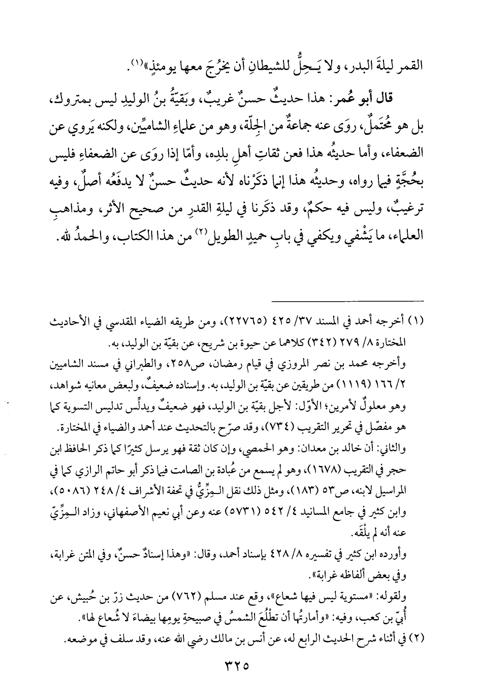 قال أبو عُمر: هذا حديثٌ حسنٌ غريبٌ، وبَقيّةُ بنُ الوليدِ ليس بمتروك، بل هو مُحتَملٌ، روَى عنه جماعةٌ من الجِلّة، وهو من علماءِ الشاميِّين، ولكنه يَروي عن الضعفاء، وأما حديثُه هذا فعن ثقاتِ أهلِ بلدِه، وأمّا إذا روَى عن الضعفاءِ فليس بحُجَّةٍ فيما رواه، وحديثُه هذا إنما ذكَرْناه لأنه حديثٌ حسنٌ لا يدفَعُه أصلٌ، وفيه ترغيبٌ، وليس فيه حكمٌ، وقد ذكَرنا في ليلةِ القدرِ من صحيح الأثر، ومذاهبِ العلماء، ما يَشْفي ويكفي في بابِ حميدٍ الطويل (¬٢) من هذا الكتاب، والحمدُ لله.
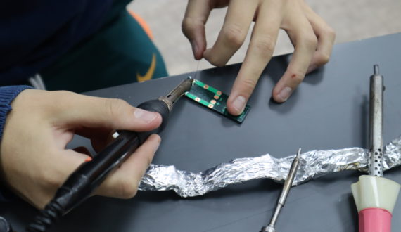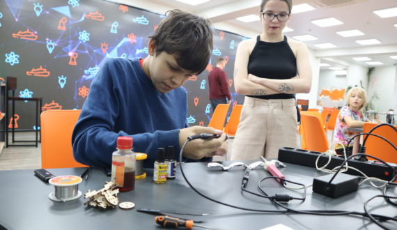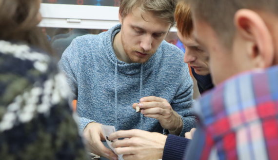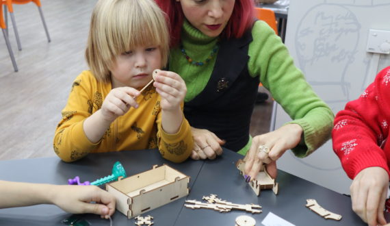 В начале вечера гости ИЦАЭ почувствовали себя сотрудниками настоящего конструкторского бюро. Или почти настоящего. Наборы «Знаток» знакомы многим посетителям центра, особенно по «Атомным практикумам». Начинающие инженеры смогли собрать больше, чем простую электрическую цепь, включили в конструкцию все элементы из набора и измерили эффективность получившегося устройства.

--- --- ---

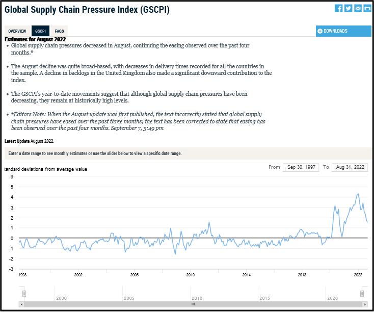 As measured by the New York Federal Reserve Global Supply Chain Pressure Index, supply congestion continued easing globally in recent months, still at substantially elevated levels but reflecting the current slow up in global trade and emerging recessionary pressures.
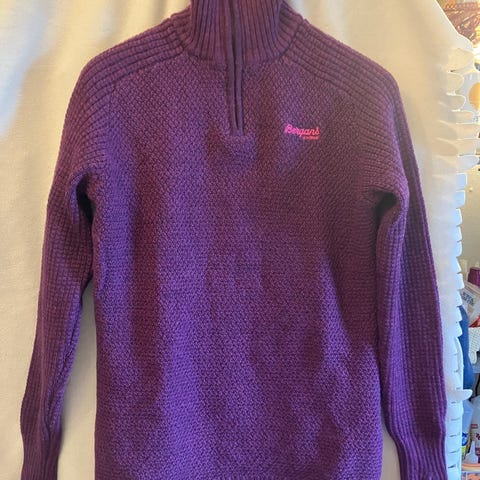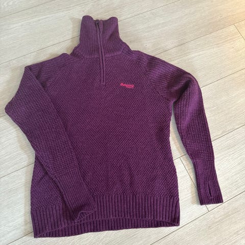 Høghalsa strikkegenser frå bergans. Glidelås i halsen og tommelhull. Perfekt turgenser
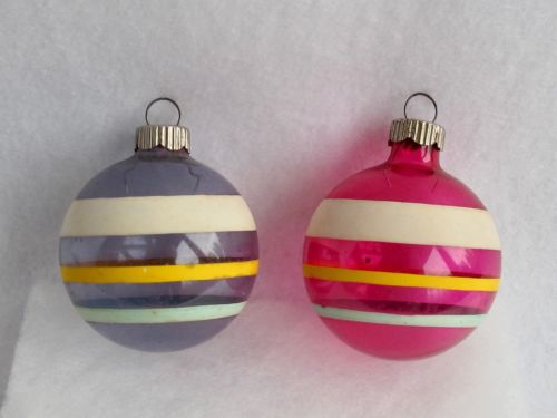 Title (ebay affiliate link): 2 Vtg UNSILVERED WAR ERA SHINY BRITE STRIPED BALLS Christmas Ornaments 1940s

--- --- ---

Everything between and including the line above containing "Høghalsa strikkegenser frå" and the line containing "Title (ebay affiliate" should be reproduced exactly, with pictures excluded.

*ANSWER TO THIS PROBLEM:*
 Høghalsa strikkegenser frå bergans. Glidelås i halsen og tommelhull. Perfekt turgenser
 Title (ebay affiliate link): 2 Vtg UNSILVERED WAR ERA SHINY BRITE STRIPED BALLS Christmas Ornaments 1940s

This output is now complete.